§ **Work required**:
In the records below, repeat word for word only the lines starting at the one that contains "1+1/2P 세트 맨투맨" and ending at the one that contains "Ker sva bila", pictures excluded.

§ **Data for processing**:
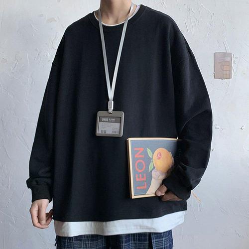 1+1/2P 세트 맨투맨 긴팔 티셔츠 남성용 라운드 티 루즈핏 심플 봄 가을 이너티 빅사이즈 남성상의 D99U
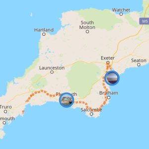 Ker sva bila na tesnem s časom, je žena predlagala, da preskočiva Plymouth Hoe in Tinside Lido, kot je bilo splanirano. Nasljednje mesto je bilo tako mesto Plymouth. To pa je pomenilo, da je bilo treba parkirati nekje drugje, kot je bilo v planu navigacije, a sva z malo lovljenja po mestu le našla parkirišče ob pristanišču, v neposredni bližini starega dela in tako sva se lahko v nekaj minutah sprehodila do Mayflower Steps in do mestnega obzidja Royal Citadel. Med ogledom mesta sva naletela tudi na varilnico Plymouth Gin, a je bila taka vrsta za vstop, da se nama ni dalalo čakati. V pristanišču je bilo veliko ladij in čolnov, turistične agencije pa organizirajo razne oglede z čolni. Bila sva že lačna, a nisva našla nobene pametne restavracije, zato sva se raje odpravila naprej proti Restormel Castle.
...
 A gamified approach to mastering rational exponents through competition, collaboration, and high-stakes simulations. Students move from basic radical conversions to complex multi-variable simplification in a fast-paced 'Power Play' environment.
==
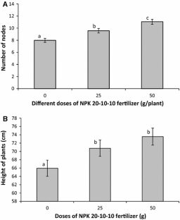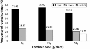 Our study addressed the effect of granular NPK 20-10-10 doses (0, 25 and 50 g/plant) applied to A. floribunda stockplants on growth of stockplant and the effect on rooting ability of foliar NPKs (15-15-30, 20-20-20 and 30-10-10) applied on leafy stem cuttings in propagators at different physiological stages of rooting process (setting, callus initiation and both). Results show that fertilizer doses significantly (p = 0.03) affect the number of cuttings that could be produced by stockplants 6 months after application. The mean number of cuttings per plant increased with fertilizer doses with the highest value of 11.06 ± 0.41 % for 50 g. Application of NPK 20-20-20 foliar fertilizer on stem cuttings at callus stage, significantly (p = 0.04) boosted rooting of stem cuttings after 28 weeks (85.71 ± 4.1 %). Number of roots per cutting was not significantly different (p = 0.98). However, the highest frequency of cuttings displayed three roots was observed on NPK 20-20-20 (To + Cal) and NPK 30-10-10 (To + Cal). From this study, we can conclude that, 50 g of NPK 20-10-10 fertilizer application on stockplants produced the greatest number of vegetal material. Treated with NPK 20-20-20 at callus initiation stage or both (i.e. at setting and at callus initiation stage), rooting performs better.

§ **Completed task**:
 1+1/2P 세트 맨투맨 긴팔 티셔츠 남성용 라운드 티 루즈핏 심플 봄 가을 이너티 빅사이즈 남성상의 D99U
 Ker sva bila na tesnem s časom, je žena predlagala, da preskočiva Plymouth Hoe in Tinside Lido, kot je bilo splanirano. Nasljednje mesto je bilo tako mesto Plymouth. To pa je pomenilo, da je bilo treba parkirati nekje drugje, kot je bilo v planu navigacije, a sva z malo lovljenja po mestu le našla parkirišče ob pristanišču, v neposredni bližini starega dela in tako sva se lahko v nekaj minutah sprehodila do Mayflower Steps in do mestnega obzidja Royal Citadel. Med ogledom mesta sva naletela tudi na varilnico Plymouth Gin, a je bila taka vrsta za vstop, da se nama ni dalalo čakati. V pristanišču je bilo veliko ladij in čolnov, turistične agencije pa organizirajo razne oglede z čolni. Bila sva že lačna, a nisva našla nobene pametne restavracije, zato sva se raje odpravila naprej proti Restormel Castle.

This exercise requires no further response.